The present study focused on three Gag CTL epitopes restricted by three common HLA alleles in Japanese people (24). The Gag protein is most commonly targeted by CTL-inducing HIV/AIDS vaccines (15). In our endogenous expression system, three A*0201-restricted epitope variants and one B*5101-restricted epitope variant escaped from the wild-type CTL recognition, and four A24-restricted epitope variants escaped from the A24-restricted 3R mutant-reactive CTL recognition. Intriguingly, two A*0201-restricted variants and three A24-restricted variants escaped from CTL killing when the gag clones were expressed endogenously in the target cells by the HIV-1 vector, despite the fact that the synthetic variant peptides were well recognized by the CTLs when loaded onto the MHC class I molecule exogenously. The peptide titration experiments have revealed that the strength of these variant peptides' recognition was almost equivalent to that of the A*0201-restricted wild-type peptide or the A24-restricted 3R mutant peptide. The results were not likely due to differences in the pattern of Gag protein expression, as shown in the Western blot experiments. All target cells were confirmed to express a sufficient level of Gag protein by p24 antigen production. Therefore, we believe that the escape mechanism of these variants resides in the antigen processing and presentation, as has been observed in a mouse model with murine leukemia virus infection (19). The observation of such phenomenon in two epitopes restricted by different alleles implies that this finding is not unique to a particular epitope-MHC pair.

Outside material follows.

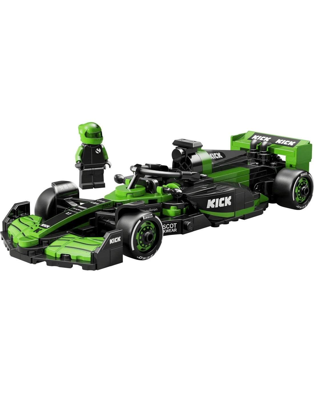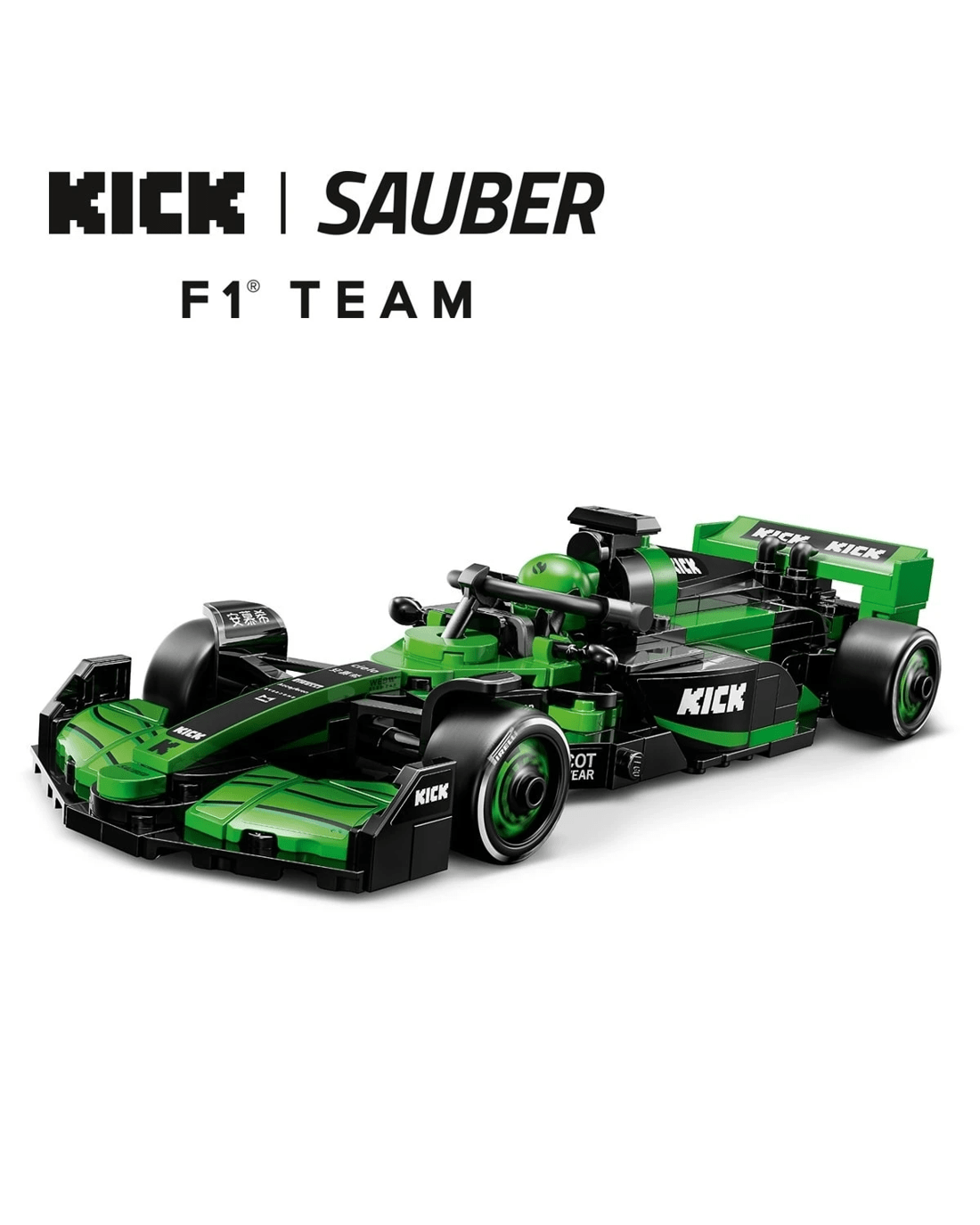 - 1 minifigure - The vehicle set includes a driver minifigure wearing a KICK Sauber F1 Team outfit and a winged helmet for kids to place inside the cockpit and role-play thrilling race action

Since all variants investigated here were derived from clinical samples and those mutations did not affect the virus replication, our observations are relevant for discussing what may be going on in HIV-infected individuals. Our results indicate that the impaired antigen processing and presentation often occurs in HIV-1 field isolates and thus is one of the major mechanisms that enable HIV-1 to escape from the CTL recognition. To understand further the significance of this escape mechanism, it is important to evaluate an accumulation of such escape variants in infected hosts in a longitudinal study or at a population level. A previous report using a vaccinia virus expression system did not reveal that any mutations in the A*0201-restricted p17 epitope of HIV-1 and its flanking region altered the processing and presentation of its variant epitope (4). However, that study did not investigate A*0201-restricted 2V and 3F8V variants, which we found affected epitope processing and presentation.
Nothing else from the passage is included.